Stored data
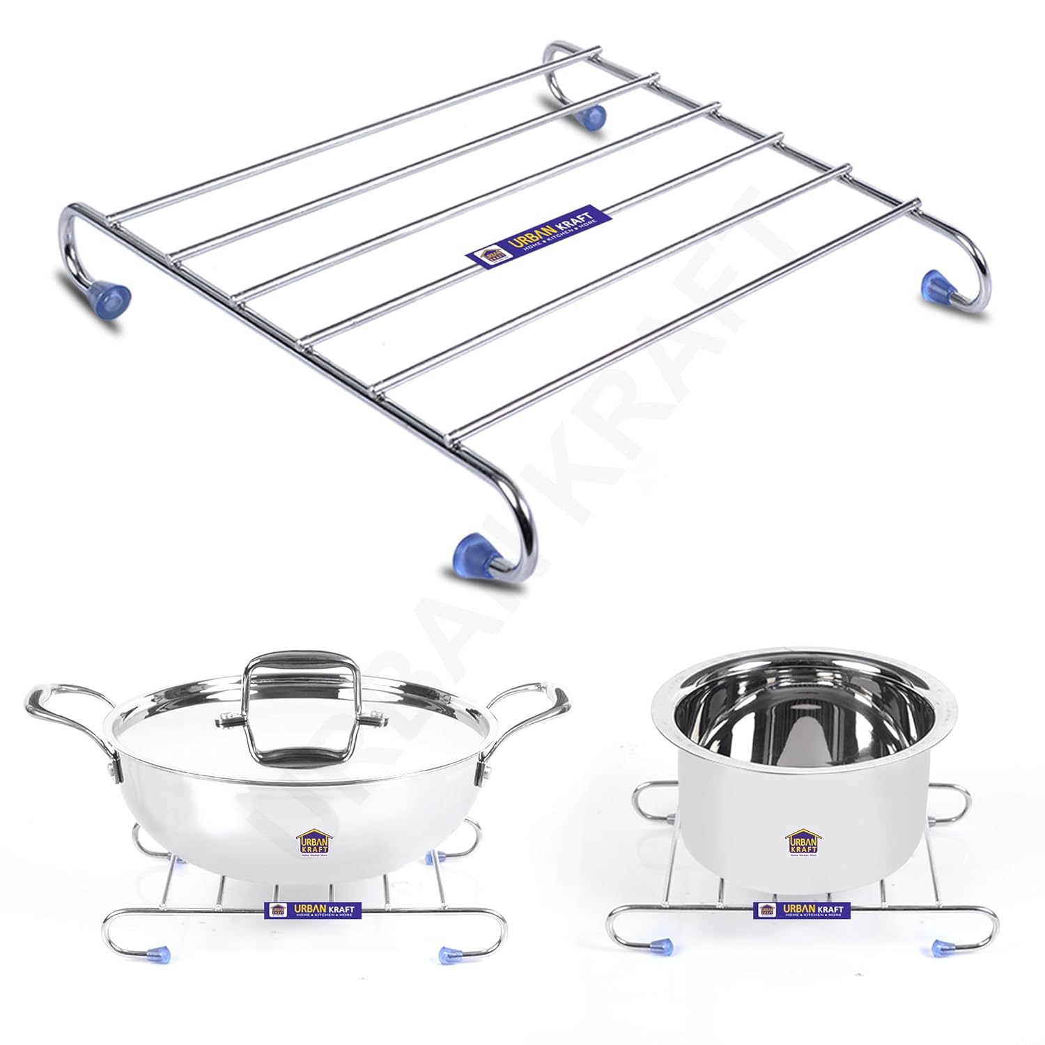 URBAN KRAFT Stainless Steel Hot Pot Holder | Rectangle Trivets for Dining Table | Stand for Hot Utensils in Kitchen | Vessel Hot Pot Mat/Rack | Cooker Stand
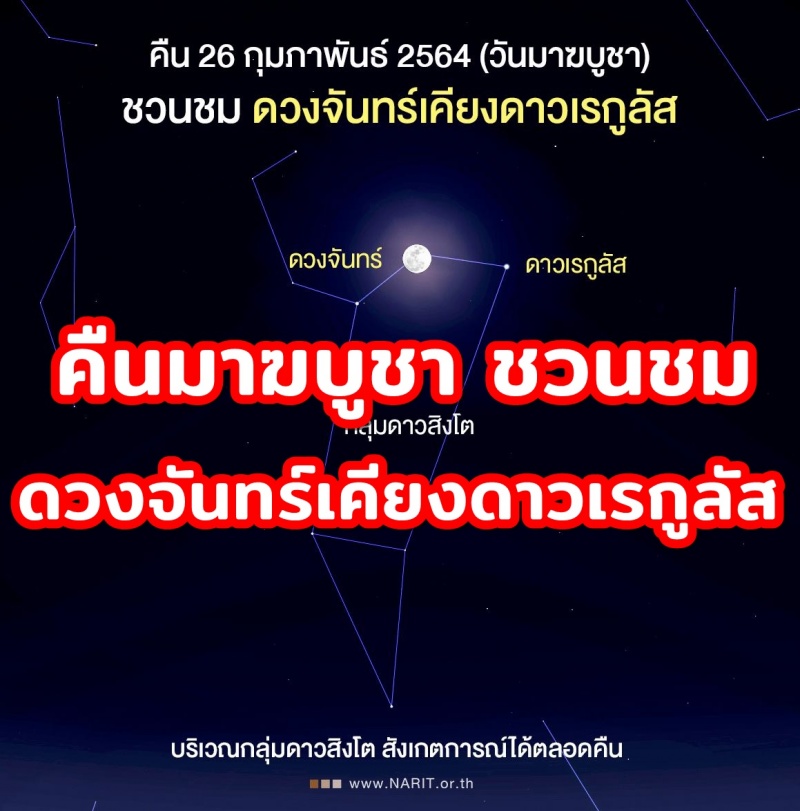 | • 26 ก.พ. 64 วันมาฆบูชาชวนชม ดวงจันทร์เคียงดาวเรกูลัส สังเกตการณ์ได้ตลอดทั้งคืน |
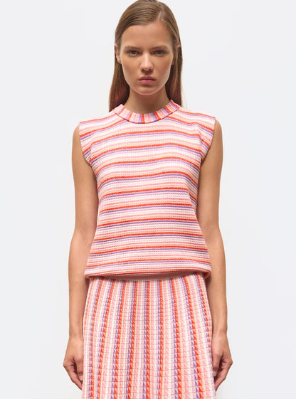 Made in France, this Molli knit top features a blend of pure extra-fine wool and mercerized cotton that gives it a delicate sheen. With its narrow stripe and mini origami stitch, it is fine and delicate. Its wide neckline guarantees an optimal comfort, while its straight, fitted cut subtly covers the shoulders.
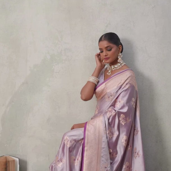 Saree : Satin Silk With Banarasi Zari Woven with Butta Concept & Rich Pallu, Meenakari in Border, Butta & Pallu
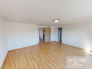 Hlavní obytný prostor: Srdcem bytu je rozlehlá kuchyně, ze které se dostanete do všech ostatních místností.

• **Exercise goal**: Where the line containing "ดวงจันทร์เคียงดาวเรกูลัส สังเกตการณ์ได้ตลอดทั้งคืน |" appears, begin writing out the lines word for word, and continue through the last line of the data, leaving out pictures.

• **Finished task**:
 | • 26 ก.พ. 64 วันมาฆบูชาชวนชม ดวงจันทร์เคียงดาวเรกูลัส สังเกตการณ์ได้ตลอดทั้งคืน |
 Made in France, this Molli knit top features a blend of pure extra-fine wool and mercerized cotton that gives it a delicate sheen. With its narrow stripe and mini origami stitch, it is fine and delicate. Its wide neckline guarantees an optimal comfort, while its straight, fitted cut subtly covers the shoulders.
 Saree : Satin Silk With Banarasi Zari Woven with Butta Concept & Rich Pallu, Meenakari in Border, Butta & Pallu
 Hlavní obytný prostor: Srdcem bytu je rozlehlá kuchyně, ze které se dostanete do všech ostatních místností.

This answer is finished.